Before you do anything, I would suggest you figure out why you haven't told him until now. It will be a really hard sell "autism isn't bad, it's just different", when you haven't said boo in 10 odd years. If it is just different, nothing to be ashamed off, why have has it been the elephant in the room?

You can tell a 3 year old he has autism. "You have autism and your brain just thinks differently." The child may ask questions or go back to playing. A statement of fact that is age appropriate. As the child get older you can expound on the statement.

You now have a depressed 15 year old. Teenagers HATE being different. Instead of having 12 odd years of gradually dealing with a issue, you withheld information.

Who knows how your son will accept the information. He may just look at you or blow sky high. Books are great, but I think you really need to do this in a neutral party's place. His therapist, doctor....whoever. You will need someone to diffuse the situation if things get out of hand.

Mainly because the first thing I would ask is why didn't you tell me earlier? Where you ashamed? If autism isn't a big deal, why drop this on me now? Didn't I have the right to know? Hoping I wasn't autistic?

Saying you didn't want to treat him different, protect him, keeping his life as normal as possible is great, but in the next paragraph saying, "Autism is different not bad" instantly negates everything you said above. If my condition isn't bad, why withhold information?

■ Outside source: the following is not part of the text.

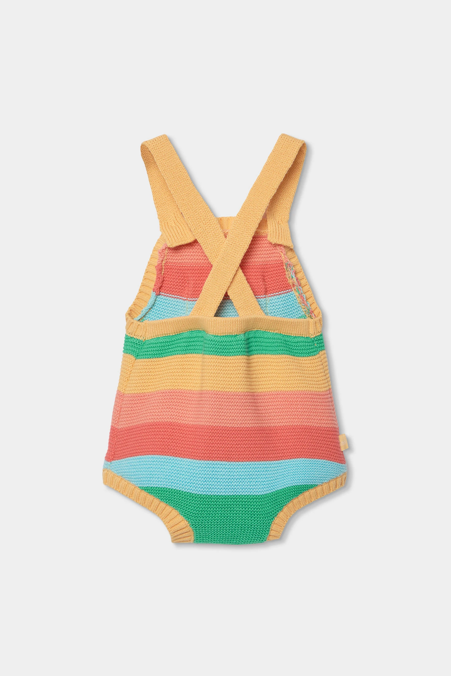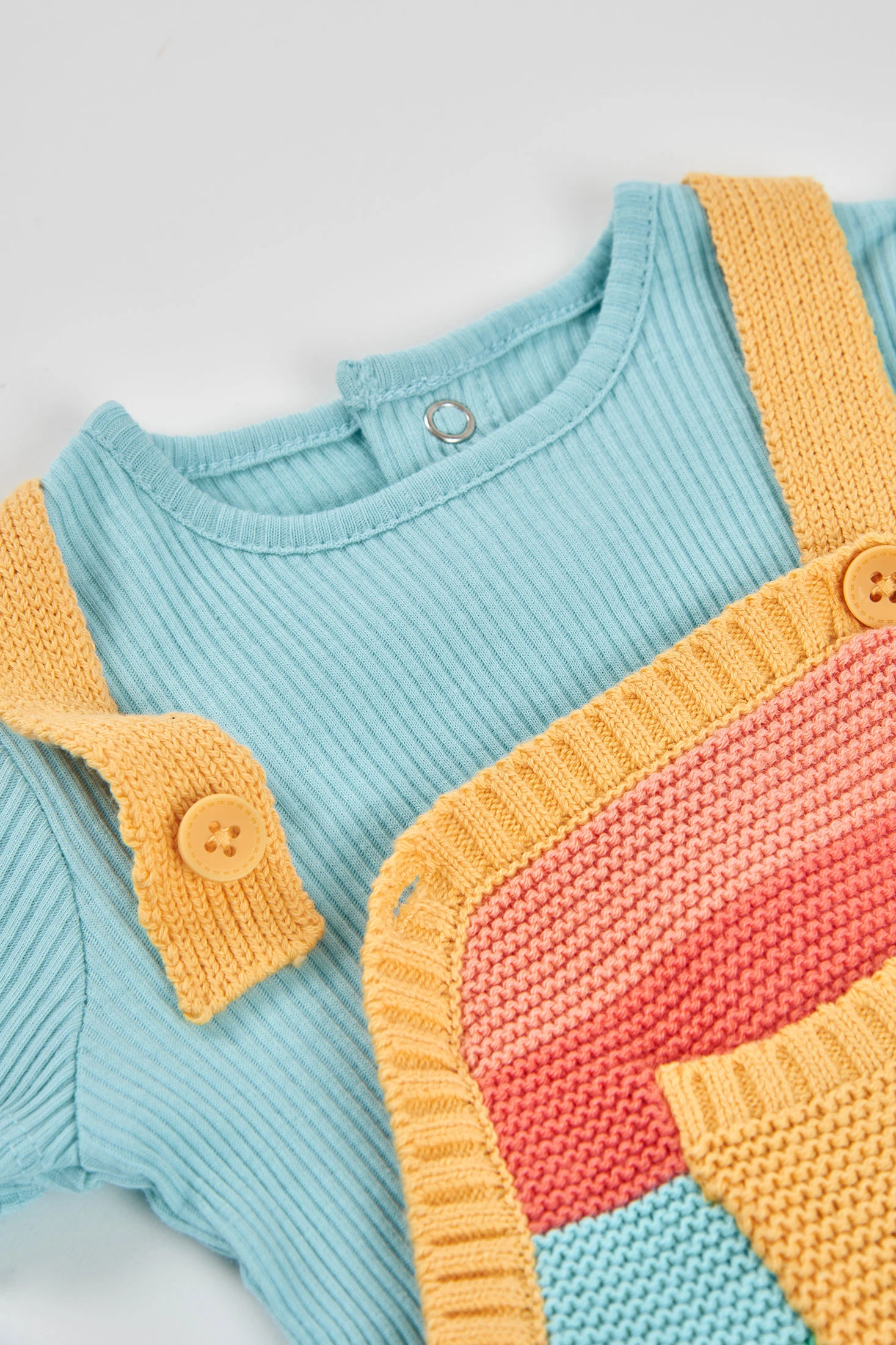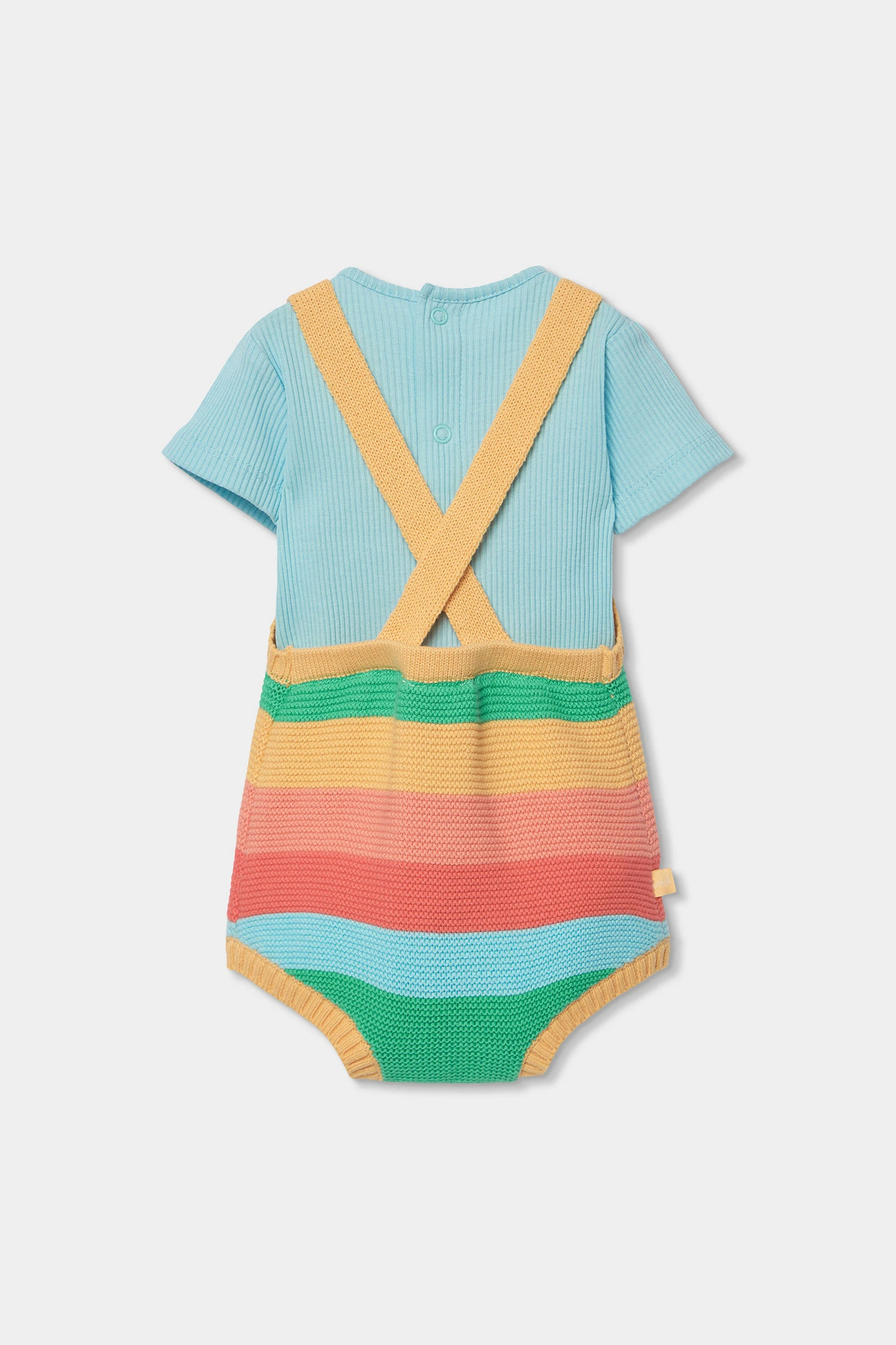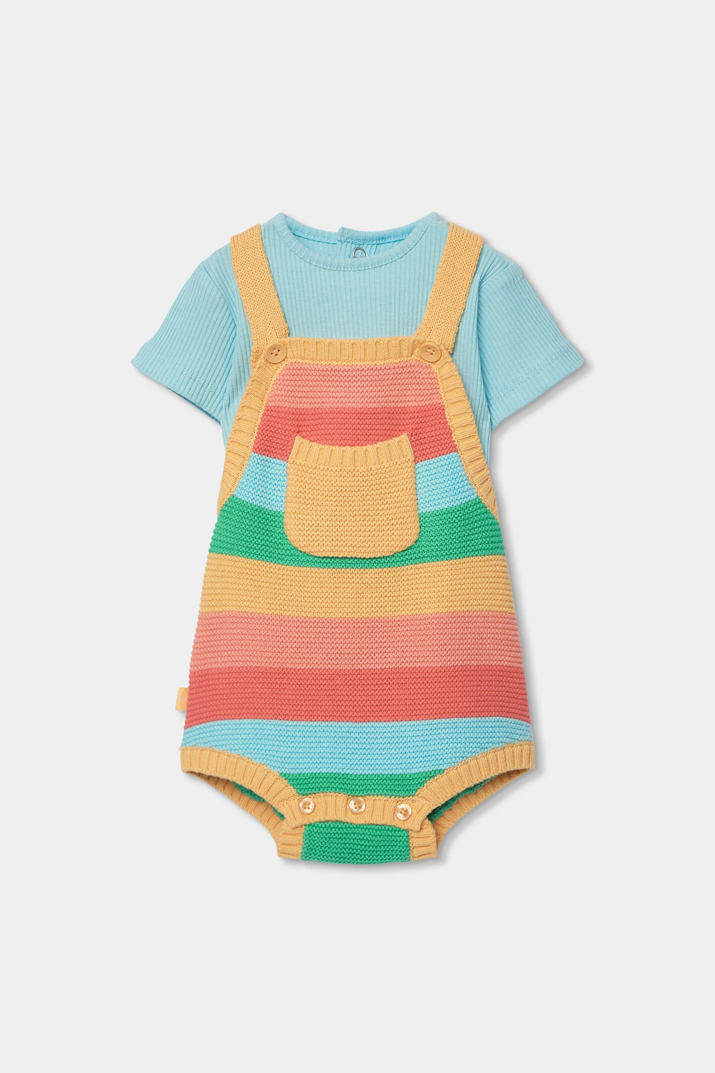 Il completo per bebè in cotone presenta un design a righe multicolore, ideale per un look allegro e comodo. Include una maglietta a maniche corte in azzurro chiaro e una salopette in maglia a righe nei toni del verde, rosso, giallo e blu. È perfetto per la delicata pelle del bebè. È disponibile in taglie da 1 mese a 12 mesi. Il suo stile colorato lo rende perfetto per qualsiasi uscita informale, combinando comodità con un tocco divertente e moderno.

If he's anything like the Aspies I know, they know they are different. My husband was diagnosed at 50. That is a totally different deal. Your son has been getting help. He knows he is different. I have a hard time believing he knows absolutely nothing about his diagnosis, but I'll take your word for it.

It also opens Pandora's box of what else haven't you've been telling him. He may have a tough time trusting you.

I'm not busting your chops, but thinking you can plop down with a book and explain his diagnosis away is a naive.

Figure out why you haven't said anything until now and go from there. I think the issue will be more about withholding information than questions about the diagnosis.

Hoping the diagnosis will ease your son's mind.


Sometimes, you simply have to accept that you are going to make your loved one really upset. That there might be some acting out upset. If there's a doc or a shrink or something that can be on "his side" that's fine. But if whether you do that or not, there's a certain amount of acting out that you can simply expect to happen when you are rotten to someone you love. No matter how pure your intentions are, it's gonna hurt. And there is no way to come clean without it hurting.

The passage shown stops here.